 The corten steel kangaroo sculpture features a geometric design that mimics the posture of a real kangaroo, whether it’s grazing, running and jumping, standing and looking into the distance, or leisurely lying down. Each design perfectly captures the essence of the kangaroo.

──────────────────────────────

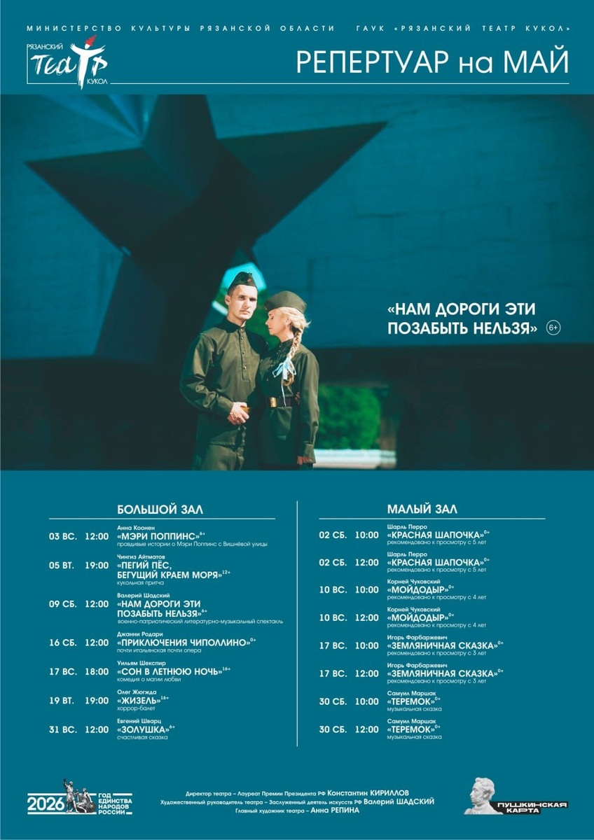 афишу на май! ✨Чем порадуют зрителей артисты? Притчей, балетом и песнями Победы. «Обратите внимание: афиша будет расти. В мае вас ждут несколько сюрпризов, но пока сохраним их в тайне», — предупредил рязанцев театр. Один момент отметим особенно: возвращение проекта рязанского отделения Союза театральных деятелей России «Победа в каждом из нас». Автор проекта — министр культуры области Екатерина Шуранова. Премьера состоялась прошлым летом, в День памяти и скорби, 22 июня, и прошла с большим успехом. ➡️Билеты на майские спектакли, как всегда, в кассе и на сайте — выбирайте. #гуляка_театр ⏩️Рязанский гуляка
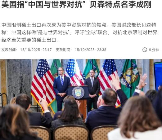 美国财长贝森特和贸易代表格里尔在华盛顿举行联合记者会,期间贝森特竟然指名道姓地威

──────────────────────────────

[TASK STATEMENT]:
Print nothing but the lines above starting with the line that contains "афишу на май!" and going on through the line that contains "美国财长贝森特和贸易代表格里". Leave out the pictures.

[OUTPUT OF THE TASK]:
 афишу на май! ✨Чем порадуют зрителей артисты? Притчей, балетом и песнями Победы. «Обратите внимание: афиша будет расти. В мае вас ждут несколько сюрпризов, но пока сохраним их в тайне», — предупредил рязанцев театр. Один момент отметим особенно: возвращение проекта рязанского отделения Союза театральных деятелей России «Победа в каждом из нас». Автор проекта — министр культуры области Екатерина Шуранова. Премьера состоялась прошлым летом, в День памяти и скорби, 22 июня, и прошла с большим успехом. ➡️Билеты на майские спектакли, как всегда, в кассе и на сайте — выбирайте. #гуляка_театр ⏩️Рязанский гуляка
 美国财长贝森特和贸易代表格里尔在华盛顿举行联合记者会,期间贝森特竟然指名道姓地威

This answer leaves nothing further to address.